Help debugging ECONNRESET problems

rarkins commented 4 years ago

What would you like to discuss?

My tool uses got@9.6.0 and regularly get these types of error from npmjs:

{
    "name": "RequestError",
    "code": "ECONNRESET",
    "host": "registry.npmjs.org",
    "hostname": "registry.npmjs.org",
    "method": "GET",
    "path": "/@typescript-eslint%2Feslint-plugin",
    "protocol": "https:",
    "url": "https://registry.npmjs.org/@typescript-eslint%2Feslint-plugin",
    "gotOptions": {
      "path": "/@typescript-eslint%2Feslint-plugin",
      "protocol": "https:",
      "slashes": true,
      "auth": null,
      "host": "registry.npmjs.org",
      "port": null,
      "hostname": "registry.npmjs.org",
      "hash": null,
      "search": null,
      "query": null,
      "pathname": "/@typescript-eslint%2Feslint-plugin",
      "href": "https://registry.npmjs.org/@typescript-eslint%2Feslint-plugin",
      "headers": {
        "user-agent": "Renovate Bot (GitHub App 2740)",
        "authorization": "** redacted **",
        "cache-control": "no-cache",
        "accept": "application/json",
        "accept-encoding": "gzip, deflate"
      },
      "hooks": {
        "beforeError": [],
        "init": [],
        "beforeRequest": [],
        "beforeRedirect": [],
        "beforeRetry": [],
        "afterResponse": []
      },
      "retry": {
        "methods": {},
        "statusCodes": {},
        "errorCodes": {}
      },
      "decompress": true,
      "throwHttpErrors": true,
      "followRedirect": true,
      "stream": false,
      "form": false,
      "json": true,
      "cache": false,
      "useElectronNet": false,
      "method": "GET"
    },
    "message": "read ECONNRESET",
    "stack": "RequestError: read ECONNRESET\n    at ClientRequest.request.once.error (/home/ubuntu/renovateapp/node_modules/got/source/request-as-event-emitter.js:178:14)\n    at Object.onceWrapper (events.js:286:20)\n    at ClientRequest.emit (events.js:203:15)\n    at ClientRequest.EventEmitter.emit (domain.js:448:20)\n    at ClientRequest.origin.emit.args (/home/ubuntu/renovateapp/node_modules/@szmarczak/http-timer/source/index.js:37:11)\n    at TLSSocket.socketErrorListener (_http_client.js:392:9)\n    at TLSSocket.emit (events.js:198:13)\n    at TLSSocket.EventEmitter.emit (domain.js:448:20)\n    at emitErrorNT (internal/streams/destroy.js:91:8)\n    at emitErrorAndCloseNT (internal/streams/destroy.js:59:3)"
  },

I'm wondering, does the retry part above indicate that there's actually no retrying? Or could it indicate an incomplete stringifying of the object, etc?

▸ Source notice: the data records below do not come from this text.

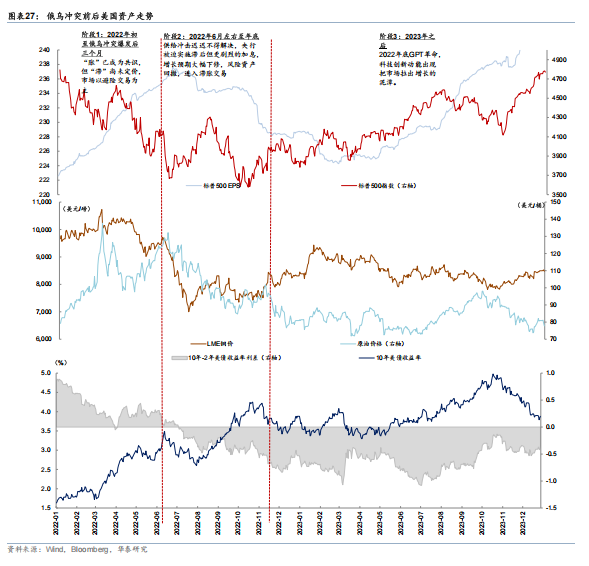 2022年類似,俄烏衝突爆發初期,美國經濟「脹」已成為共識,但「滯」尚未定價,市場以避險交易為主。2022年在俄烏衝突發生後,全球大宗商品價格急劇飆升,原油在兩周內飆升超過35%。銅價短期也大幅上漲7%,反映出市場對俄羅斯供給中斷的恐慌性定價。股市因風險偏好下降而調整,標普500從2月25日至3月8日回撤約4.9%(若從年初高點算,累計回撤約13%),但隨後市場迅速反彈11%修復前期失地。市場普遍依據歷史經驗認為,這屬於典型的「事件驅動型」波動,地緣衝突對全球增長的衝擊是短期的、局部的(主要影響歐洲),不會改變美國經濟的中期趨勢,因此標普500的盈利預期並未出現下修。這一階段,聯儲局強化了市場的樂觀態度。在2022年3月的議息會議上,聯儲局雖然大幅上調了通脹預測(PCE從2.6%上調至4.3%),但將經濟預測僅從4.0%下調至2.8%,並維持失業率預測在3.5%的低位預期,市場彼時認為聯儲局有足夠的工具在壓制通脹的同時不傷及就業,因此美國經濟衰退預期(滯)並未系統性上修,定價重心完全放在通脹和加息節奏上。
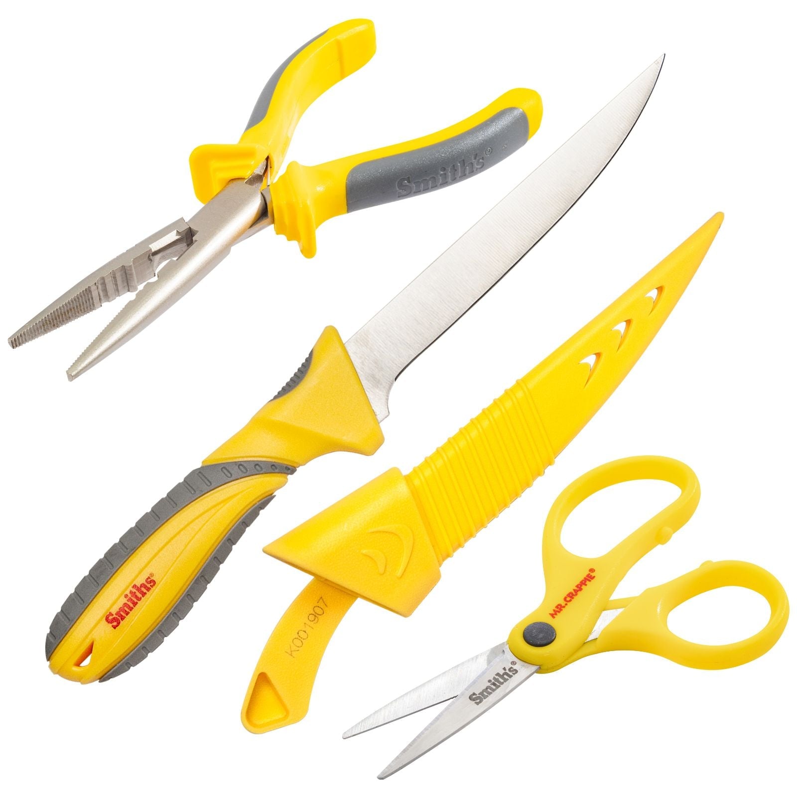 The Smith's Mr. Crappie Combo kit includes the Slab-Sticker 6 in fillet knife with sheath, the Mr. Crappie 3 in Poly and Braid line scissors, and the Mr. Crappie 6.5 in pliers. This is a must have for your tacklebox!
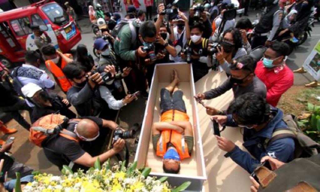 বিবিসি জানিয়েছে, মাস্কের প্রতি মানুষের অনীহার এ সমস্যা নিরসনে জাকার্তার পূর্বাঞ্চলীয় কালিসারি এলাকার কর্তৃপক্ষ কফিনে শোয়ানোর অভিনব কৌশলটি নিয়েছে।
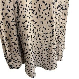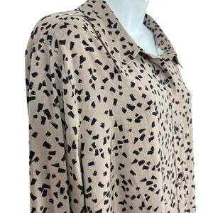 Susan Graver Stretch Knit Button Up Long Sleeve Top Shirt Blouse Beige Black 1X
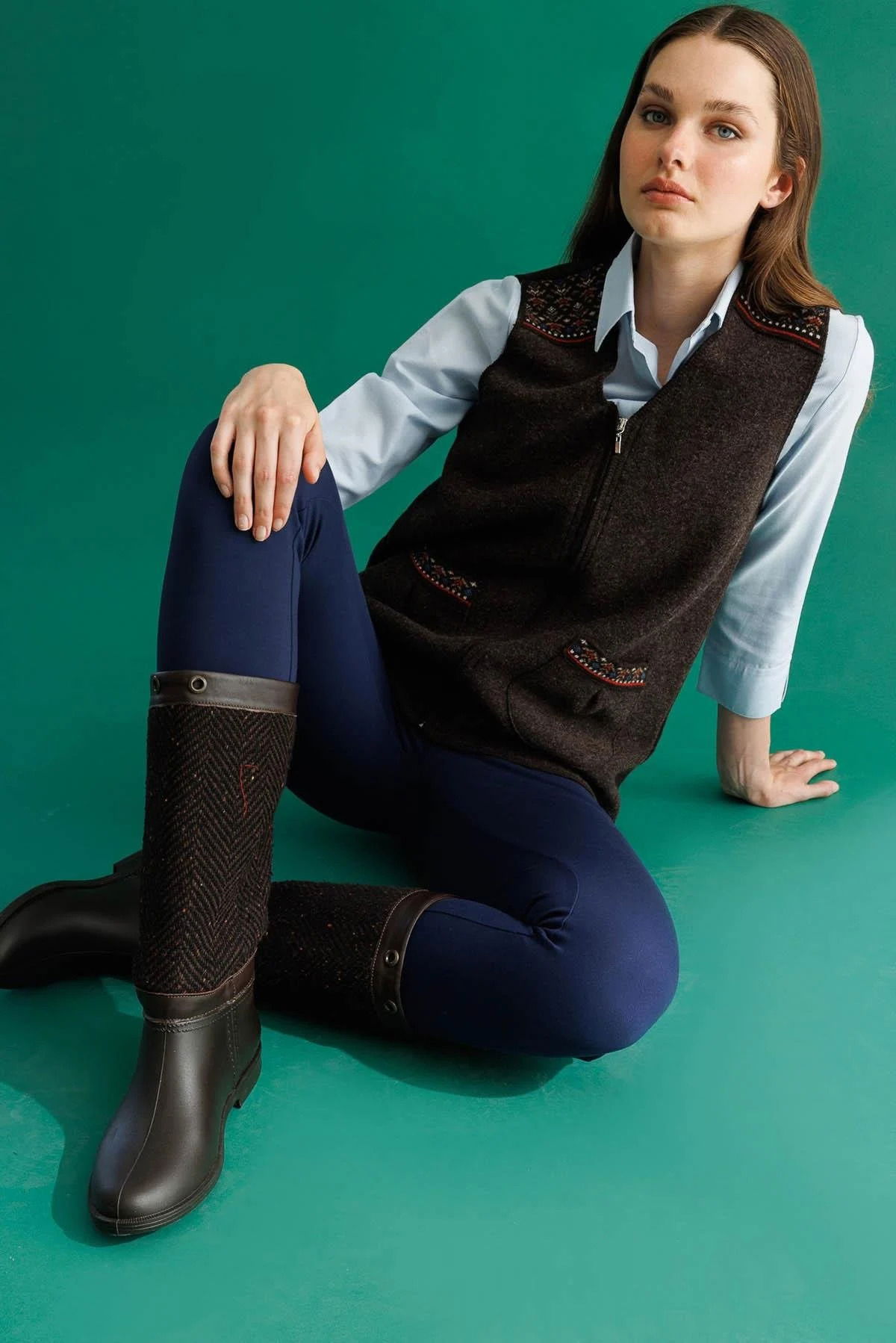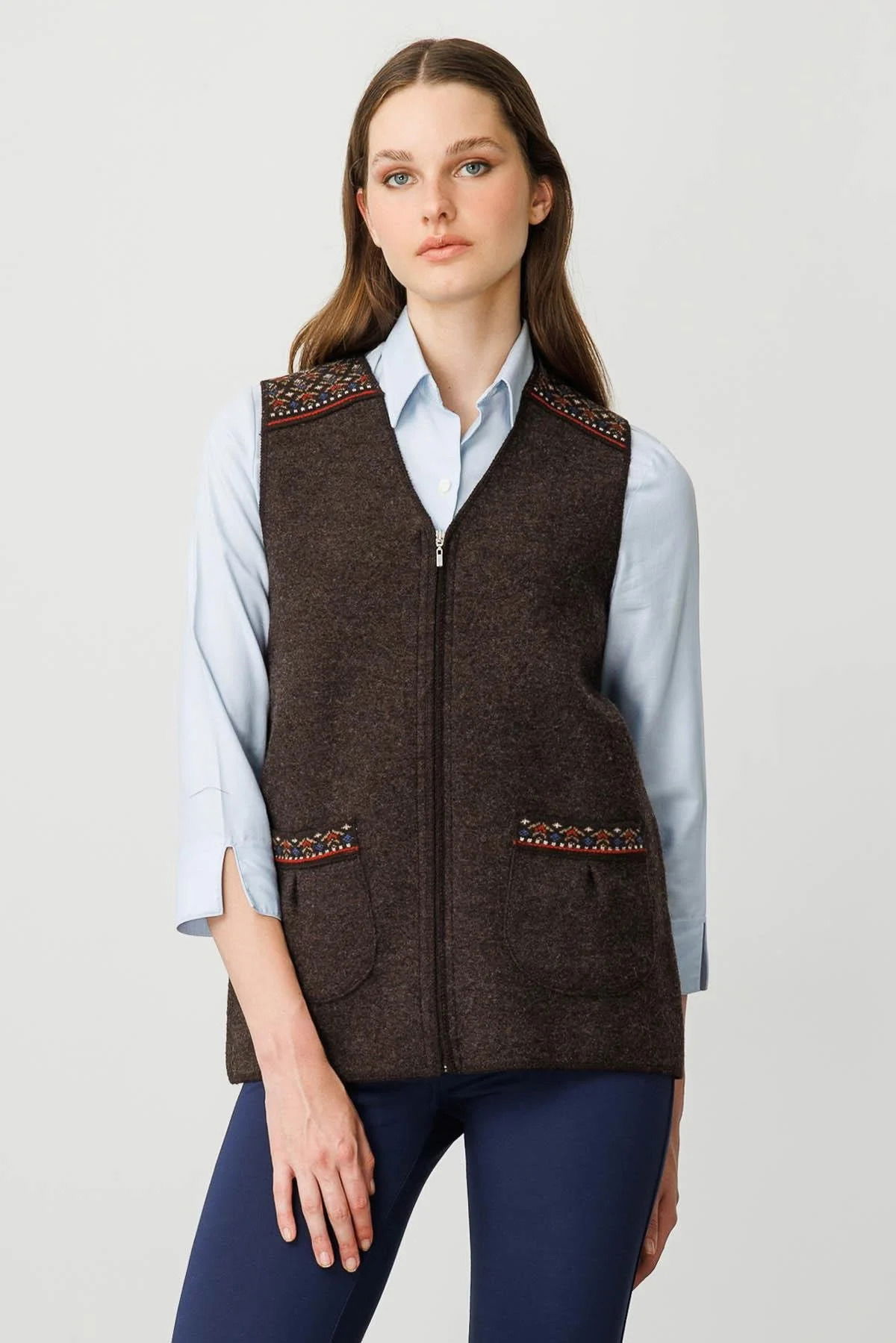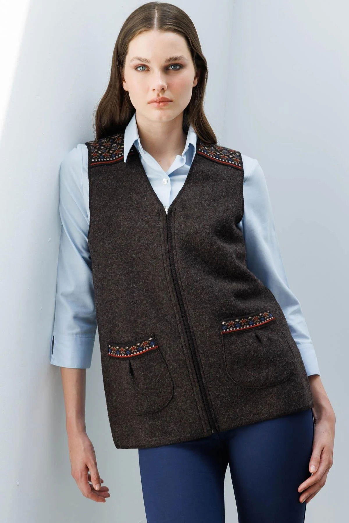 Desen Triko Kadın V Yaka Önü Keçe Fermuarlı Kısa Yün Yelek 25017 Koyu Kahve

Additionally, is there any additional debugging of the err object I can do once such errors are thrown?

Checklist

[x] I have read the documentation.

szmarczak commented 4 years ago

I'm wondering, does the retry part above indicate that there's actually no retrying? Or could it indicate an incomplete stringifying of the object, etc?

Could be both. Try

console.log('methods', [...error.gotOptions.retry.methods]);
console.log('statusCodes', [...error.gotOptions.retry.statusCodes);
console.log('errorCodes', [...error.gotOptions.retry.errorCodes]);

Also the stack trace seems to be incomplete. Can you try executing Error.stackTraceLimit = Infinity; (or just use longjohn)?

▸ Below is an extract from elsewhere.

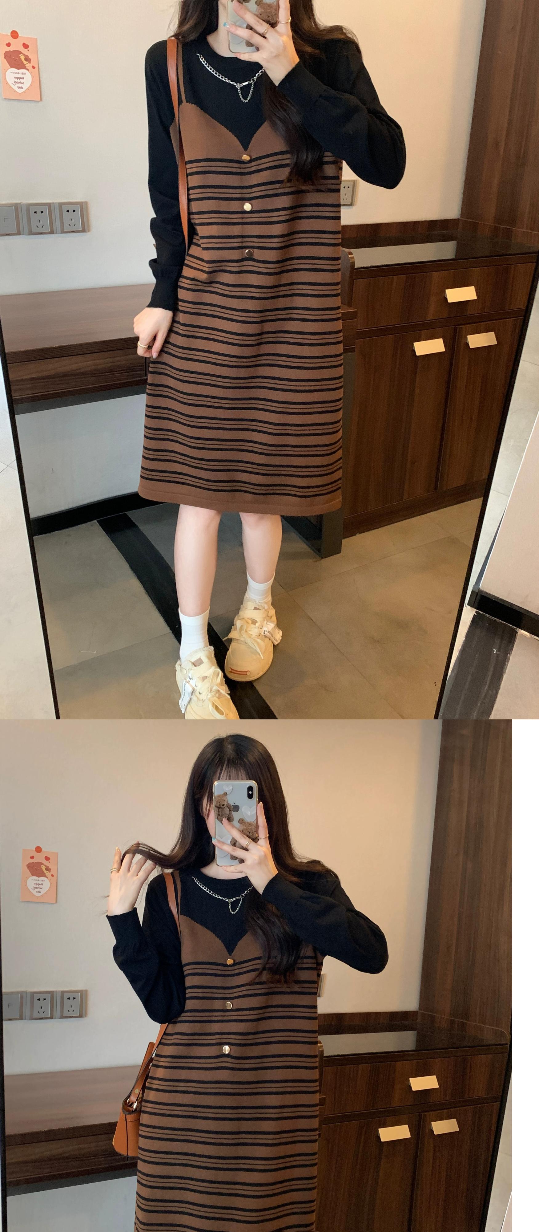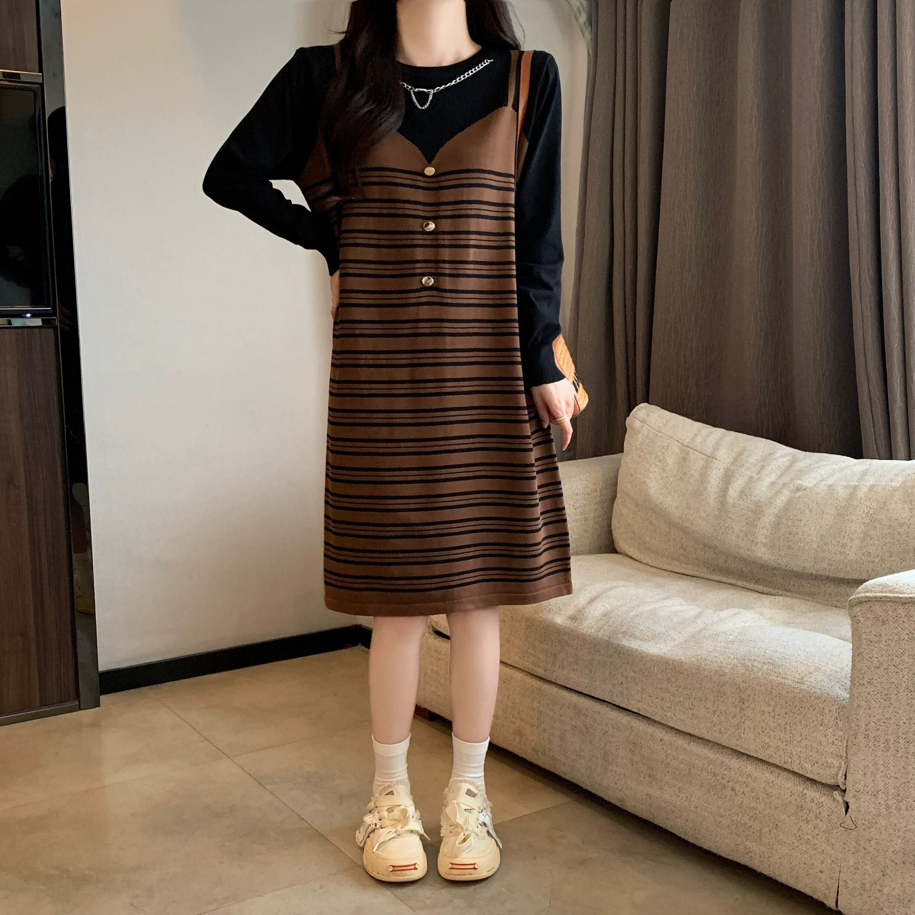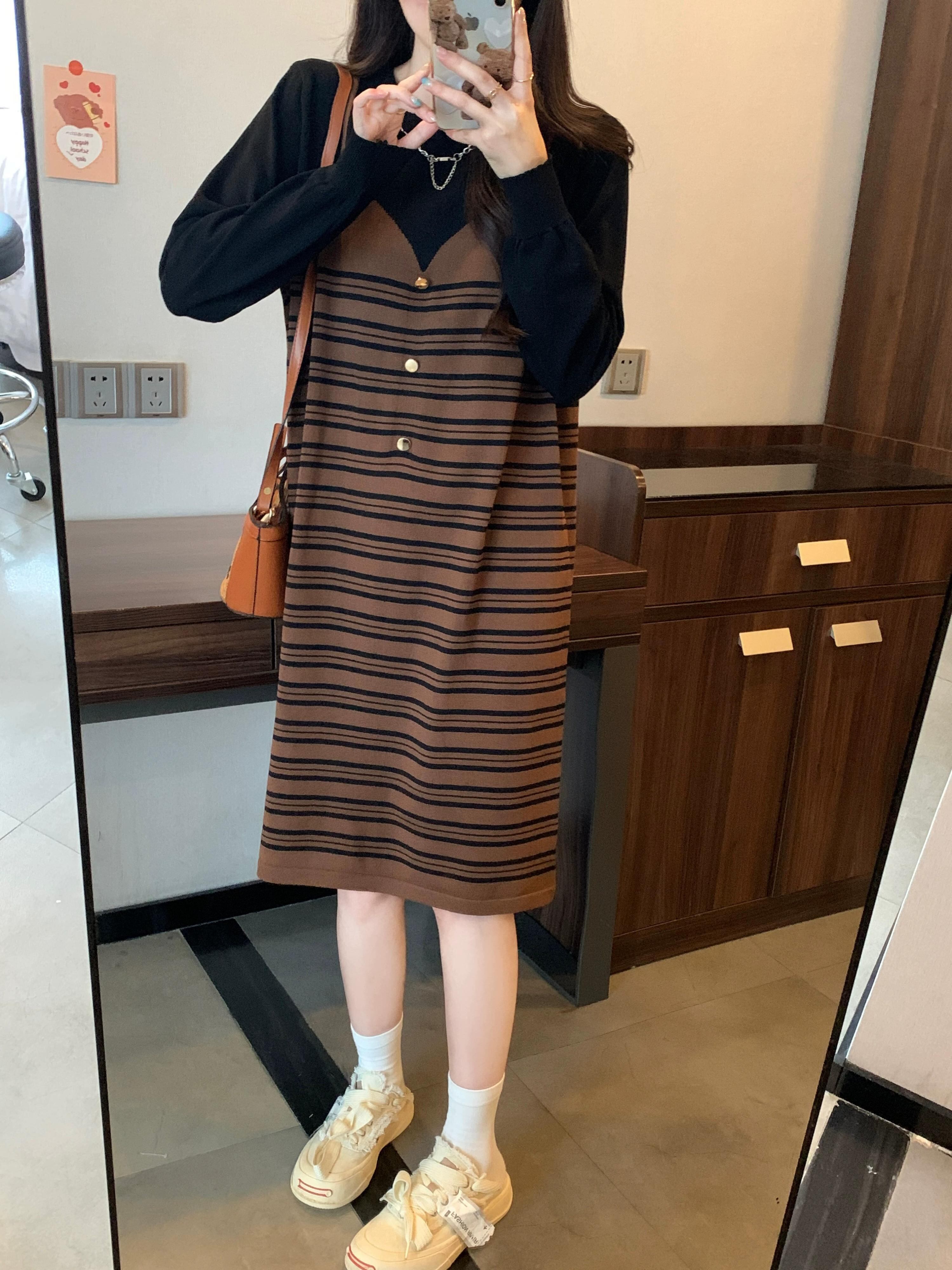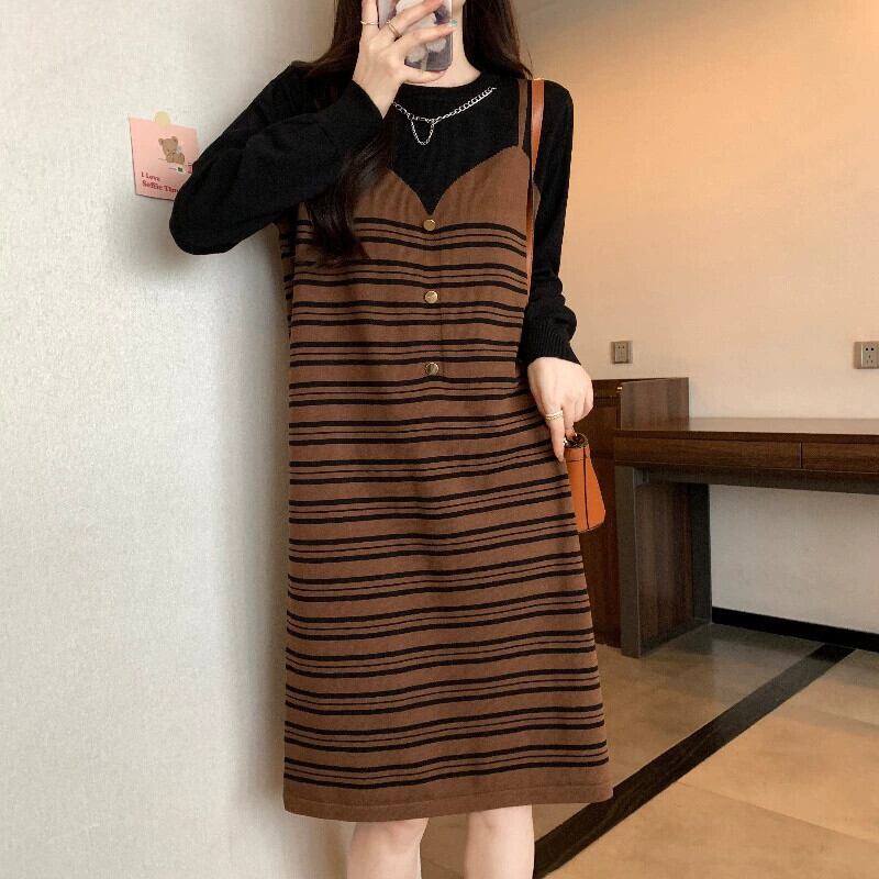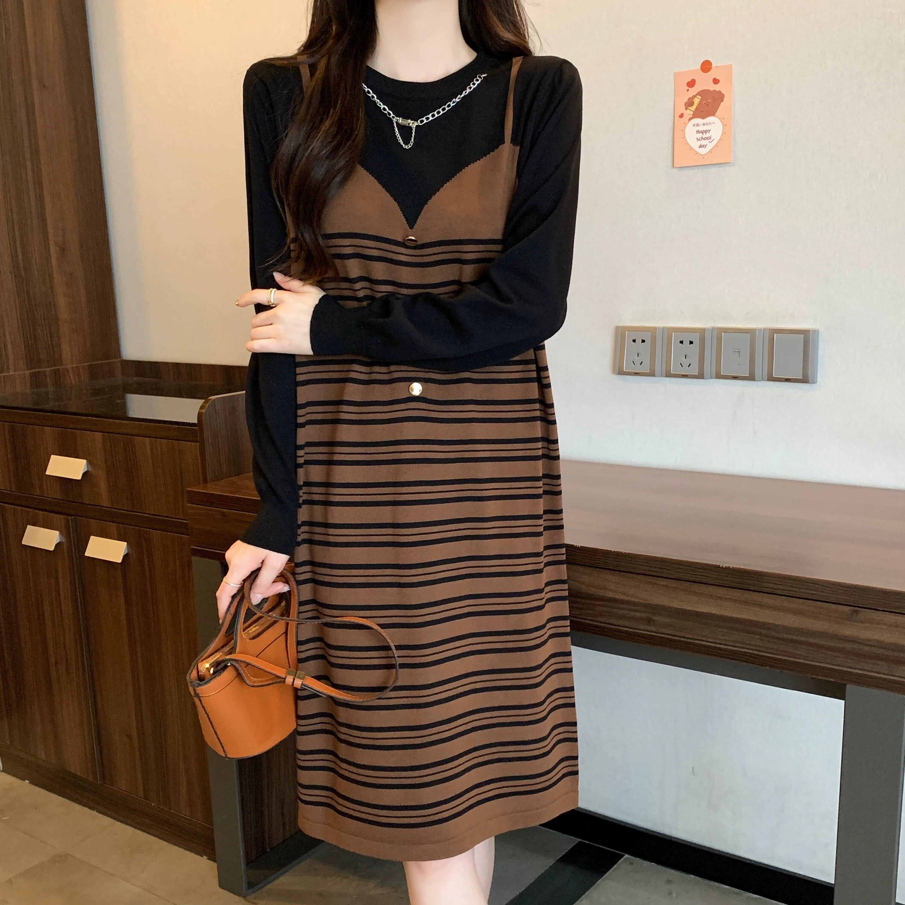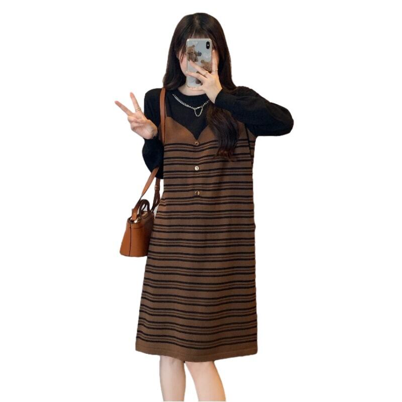 プラスサイズの女性の 2023 秋服ファットシスター多用途偽ツーピース長袖 A ラインスカート股をカバーニッチストライプドレス ロング 大きめサイズ オータム 秋物 Aライン 8884199818427769

Additionally, is there any additional debugging of the err object I can do once such errors are thrown?

Unfortunately no.

I've got some questions anyway:

Can you reproduce the program locally?
Are you sure there are no small network outages?
Are you using an HTTP proxy?
Does it happen only for specific requests? If so, which one? Please provide the most accurate information you can (request path, etc.)
What Node.js version are you running? Have you tried the latest one?

Please try the following:

Set your DNS server to 1.1.1.1 or 8.8.8.8 or
Disable caching if present or
Pass agent: false option.

If none of the above helps, you may want to try Got 10. There are some breaking changes compared to Got 9, but it's got some nice features: fixed retry functionality (twice), DNS cache, Brotli support, Node.js 13 support, better async stacktraces, experimental pagination API and other bug fixes. I'm willing to send a PR with the upgrade if necessary :)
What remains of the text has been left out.